→ Your instructions
Begin at the line containing "Terry Schweigert, a" and restate it and each line after it exactly, up to and including the last line below. Leave pictures out.

→ Data

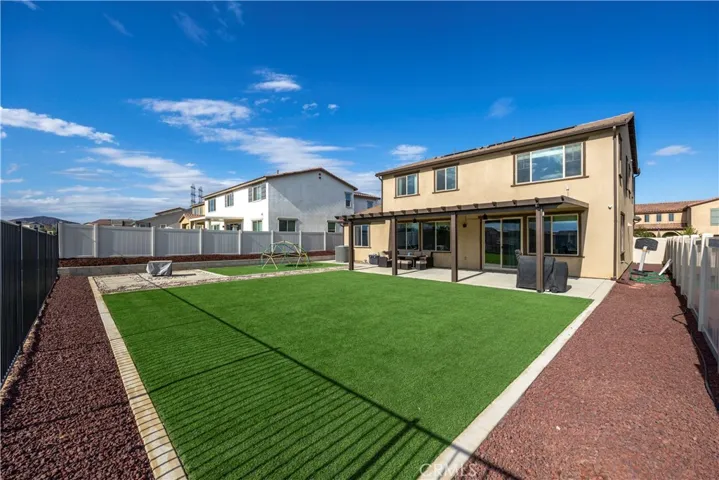 Welcome to 2061 Horizon Drive, a stunning 4 Bedroom, 2 and Three-Quarter Bathroom property located in the desirable Master-Planned Community of Atwell. Built in 2022, this home offers 2,844 sq. ft. of living space, privacy, breathtaking views and a peaceful river running along the back that you’ll love coming home too! As you step inside, you immediately notice the tall 9-Foot ceilings and open-concept floorplan, very spacious and modern throughout. The heart of the home is the chef’s kitchen, complete with a large kitchen island, soft-close cabinetry, and abundance of storage. The kitchen flows seamlessly into the expansive living room, perfect for everyday living and entertaining with family and friends. As you step outdoors, your backyard retreat awaits you! This beautifully designed, low maintenance backyard features artificial turf, a raised garden bed, room for a play area, a large dura-cool alumawood patio cover with ceiling fans, a cozy fire pit, and the peaceful sounds of water flowing through a man-made river that runs along the backside of the home, through the center of the Atwell community. It’s the perfect setting to unwind or host family and friends.
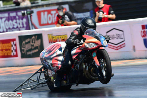 Terry Schweigert, a perennial favorite in the PDRA's two-wheeled class, qualified his Canadian Suzuki atop a strong 16-bike field with a best of 4.029 at 173.67. He faces Ricardo Knights in the opening round. "This is a good way to start the year, especially with the two turbo bikes out here," Schweigert said, referencing an offseason rule change to allow turbocharged entries in the class for the first time. "To run that pass at the end of the day feels good. It's a nice way to end the day and go into eliminations from the top spot." Drag bike chassis builder Brunson Grothus rode his Indocil Art '14 Suzuki to a 4.048 at 173.74 to take the No. 2 spot and take on George Whitaker on Sunday. Ronnie Smith is the No. 3 qualifier with his 4.049 at 171.25 and will face John Davis Jr.
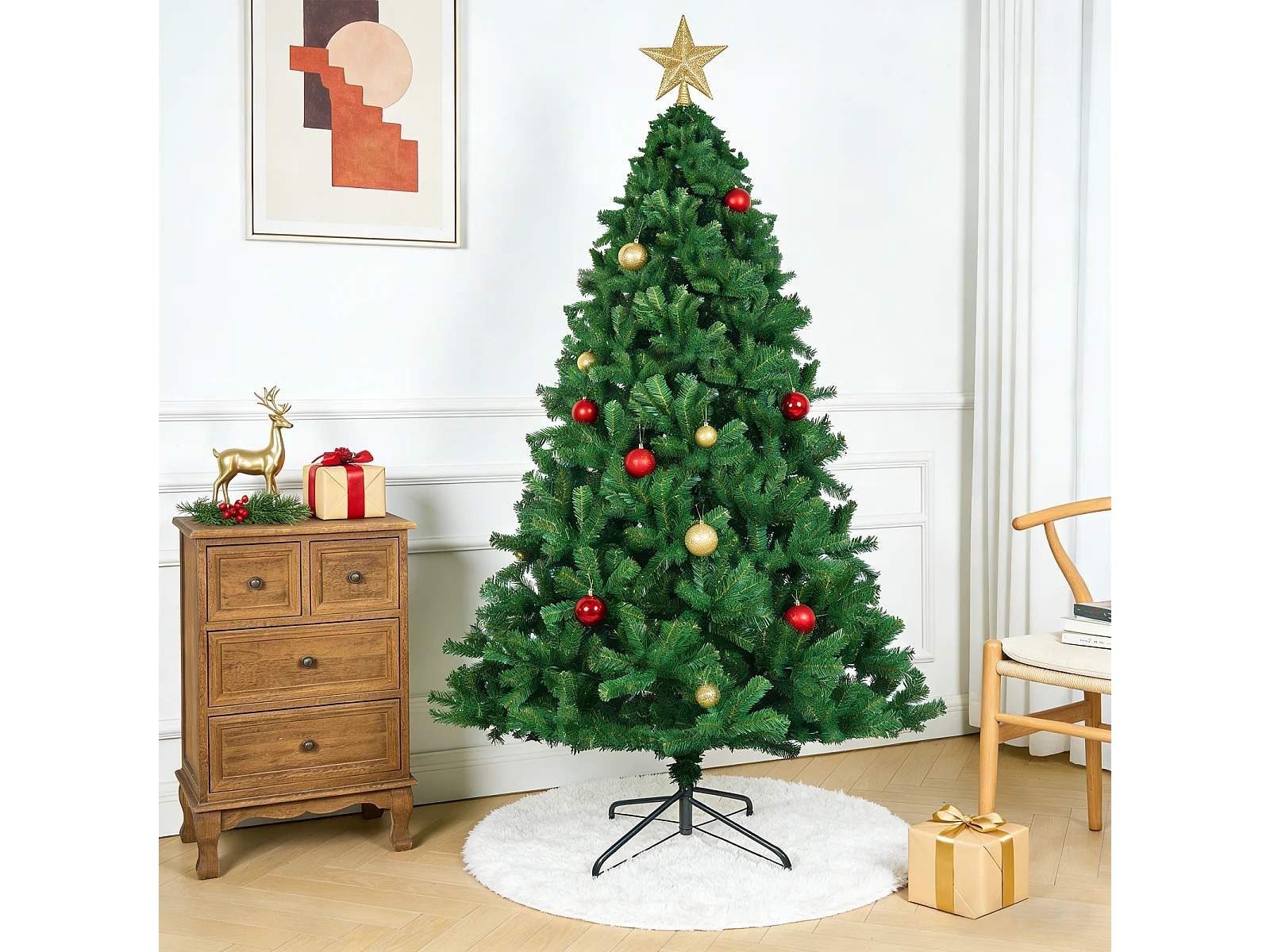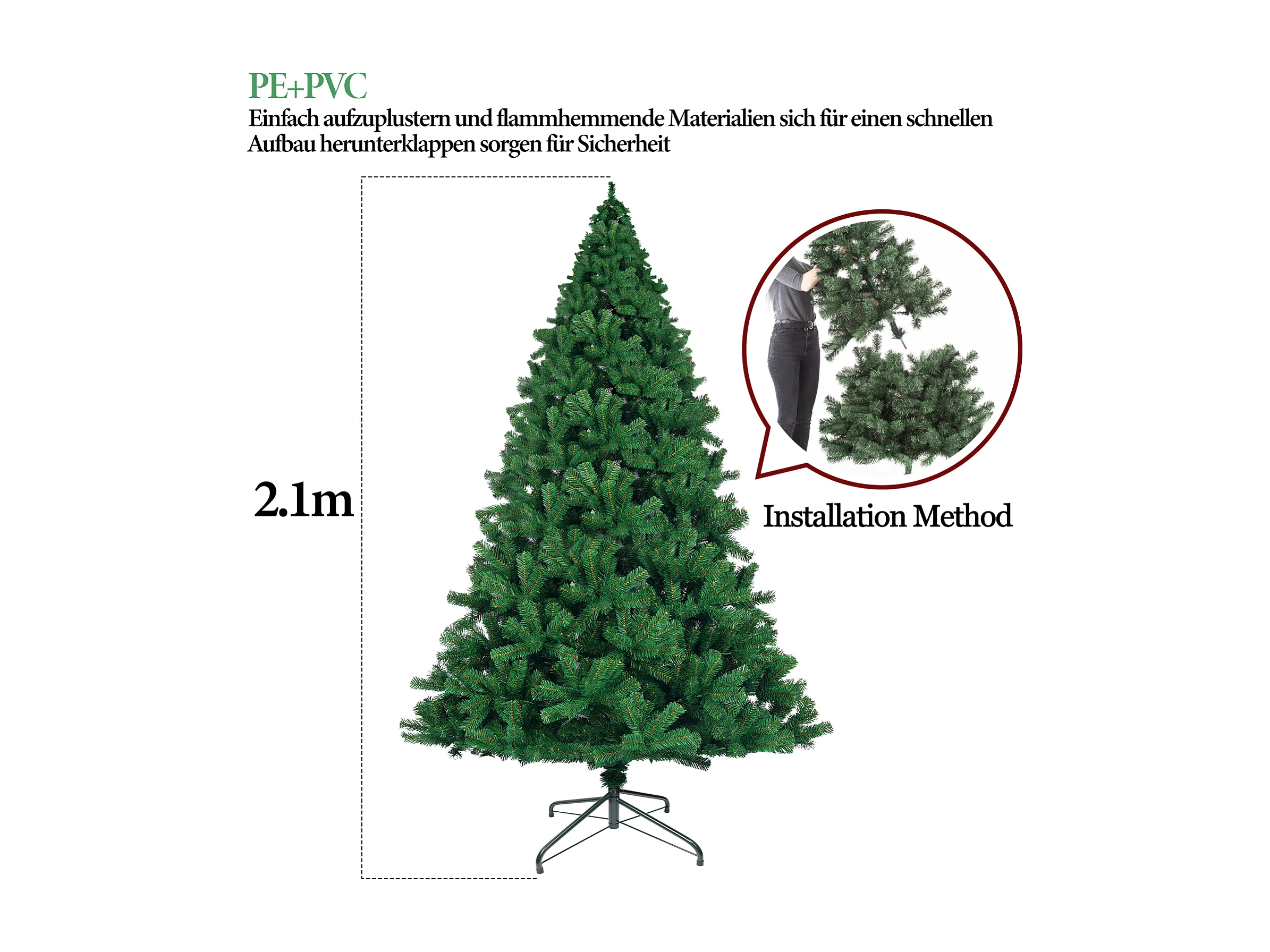 Nettlife Kunstkerstboom 210 cm, ultrarealistisch PVC, snelle en eenvoudige montage, groene kerstboom met stabiele metalen standaard.

→ Result of this task
 Terry Schweigert, a perennial favorite in the PDRA's two-wheeled class, qualified his Canadian Suzuki atop a strong 16-bike field with a best of 4.029 at 173.67. He faces Ricardo Knights in the opening round. "This is a good way to start the year, especially with the two turbo bikes out here," Schweigert said, referencing an offseason rule change to allow turbocharged entries in the class for the first time. "To run that pass at the end of the day feels good. It's a nice way to end the day and go into eliminations from the top spot." Drag bike chassis builder Brunson Grothus rode his Indocil Art '14 Suzuki to a 4.048 at 173.74 to take the No. 2 spot and take on George Whitaker on Sunday. Ronnie Smith is the No. 3 qualifier with his 4.049 at 171.25 and will face John Davis Jr.
 Nettlife Kunstkerstboom 210 cm, ultrarealistisch PVC, snelle en eenvoudige montage, groene kerstboom met stabiele metalen standaard.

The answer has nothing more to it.